In der Automatisierungsindustrie findet aktuell gerade in Schwellenländern ein neuer Ansatz immer mehr Verbreitung: Just-enough, gerade genug Leistung für die eigentliche Aufgabe, heißt die Devise. Auch deutsche Ausrüster, oft für German Overengineering gescholten, stellen sich darauf ein.

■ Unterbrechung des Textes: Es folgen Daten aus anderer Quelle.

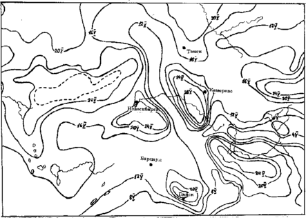 Считалось, что эта неравномерность проявляется, в основном, благодаря особенностям рельефа, а на равнине, вдали от гор и морских побережий, изофены будут идти более или менее равномерно. Но еще А.А. Браунер установил, что одни и те же виды прилетают на севере Украины раньше, чем в Бессарабии и Причерноморье. Это связывалось с миграцией их по разным пролетным путям (Пузанов, 1957). Г. Гроте обратил внимание на то, что в Аскании-Нова птицы появляются на 2 недели позже, чем на Черноморском побережье и на Днепре, где пролетет основная масса водоплавающих (Соколов, 1926). К. Бречер (1935) установил, что кукушка в Средней Европе быстрее продвигается вдоль рек, даже на равнине. У. Сливинская (1938) пишет, что ход изопиптез может зависеть не только от особенностей ландшафта, но и от пути пролета птицы. Постепенно с появлением более крупномасштабных фенокарт эта мысль углубляется и развивается. На картах С.И. Хомченко (1972) по прилету кукушки (Cuculus canorus) на юге Западной Сибири изофены образуют глубокие выступы, которые он называет "путями проникновения" (рис. 2). М.А. Родионов (1978) писал, что птицы вырываются вперед по экологическим руслам пролета. И, наконец, В.В. Серебряков (1978) предложил определять по авифенологическим картам пролетные пути.

In den Konstruktionsabteilungen sind sie notwendig: Leistungsfähige und auch teure Workstations, um Baugruppen zu entwerfen und sie in Simulationsprogrammen zu testen. Aber ein kaufmännischer Sachbearbeiter, der nur Briefe schreibt und Tabellenkalkulation nutzt, kommt mit einem wesentlich einfacheren und günstigeren Rechner gut aus. Entscheidend ist, dass sich beide Varianten in das Unternehmensnetzwerk einfügen und genug Leistung für die jeweilige Aufgabe bereitstellen. In den unterschiedlichen Märkten der Fabrikautomation ist eine ganz ähnliche Entwicklung in zwei Richtungen zu erkennen: Während beispielsweise die Automobilindustrie bei Maschinen für die Fertigung von Kernprodukten wie Motoren weiter auf Höchstleistung setzt, sind in Schwellenländern wie China, Indien und Brasilien in den vergangenen Jahren zehntausende kleine und mittelständische Zulieferer entstanden. High-end-Lösungen gehen völlig an deren Bedarf vorbei: Zu teuer, zu kompliziert und technisch auch gar nicht notwendig.

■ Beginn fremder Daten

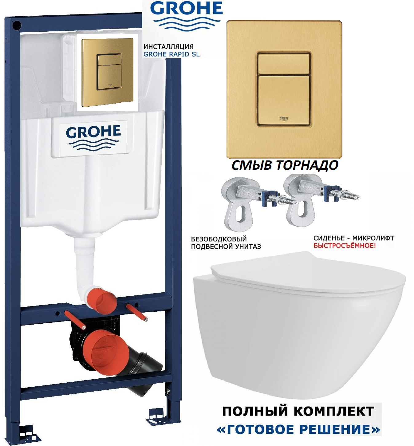 10 цен на Комплект: Инсталляция Grohe Rapid SL 38732GNO золото мат.+ Унитаз подвес. Lengitown Luna с сиденьем микролифт

Diese Zulieferer übernehmen relativ einfache Arbeitsschritte wie Bohren oder Fräsen an immer gleichen Bauteilen in großen Stückzahlen. Auf Basis von CAD-Daten des Kunden müssen sie in engen Toleranzen fertigen. Als Folge boomt beispielsweise in China, dem weltgrößten Werkzeugmaschinenmarkt, das Segment kompakter Bearbeitungsmaschinen. Vorhandene Steuerungslösungen, das Herzstück dieser Maschinen, sind aber entweder zu teuer und komplex oder nicht präzise genug. In diese Lücke stoßen deutsche Automatisierungshersteller wie Bosch Rexroth vor. Auf der einen Seite darf die Lösung keinerlei überflüssige Leistungsreserven haben um wirtschaftlich mithalten zu können, auf der anderen Seite erwarten die Anwender trotzdem Genauigkeit auf tausendstel Millimeter. Dazu speckten die deutschen und chinesischen Entwickler des Unternehmens gemeinsam eine etablierte High-end-Lösung ab. Alles, was über klar definierte Bearbeitungsaufgaben hinausgeht, entfernten sie und konnten damit die Systemkosten drücken. Dabei blieb aber der Softwarekern der Ursprungsversion mit der Programmiersprache und allen Möglichkeiten zum Datenaustausch erhalten. Das Konzept überzeugte den größten chinesischen Werkzeugmaschinenhersteller, der bereits drei Maschinenserien damit ausgerüstet hat und jährlich mehrere tausend Exemplare ausliefert.
Der Trend zu Just-enough-Konzepten hat längst auch bei deutschen Produktionsplanern Anklang gefunden. Auch hier bieten deutsche Automatisierungshersteller mittlerweile deutlich wirtschaftlichere Lösungen an. Sie haben Baukästen entwickelt, die 90 % der Aufgaben durch die Kombination von Standardbauteilen abdecken. Das ist preiswerter und verkürzt die gesamte Planung und den Aufbau von Montage- und Handlingsystemen. Für die 10 % Sonderanwendungen greifen die Unternehmen weiterhin auf maßgeschneiderte High-end-Lösungen zurück. Dass der Trend nicht aufzuhalten ist, zeigt bereits die Computerbranche, die längst neue Produktklassen mit anderen Schwerpunkten auf den Markt bring. Auf Internet-Anwendungen optimierte Netbooks und Tablet-PC gewinnen Marktanteile auf Kosten wesentlich leistungsfähigerer PC und Notebooks. Genug ist genug – auch in der Fabrikautomation der Zukunft.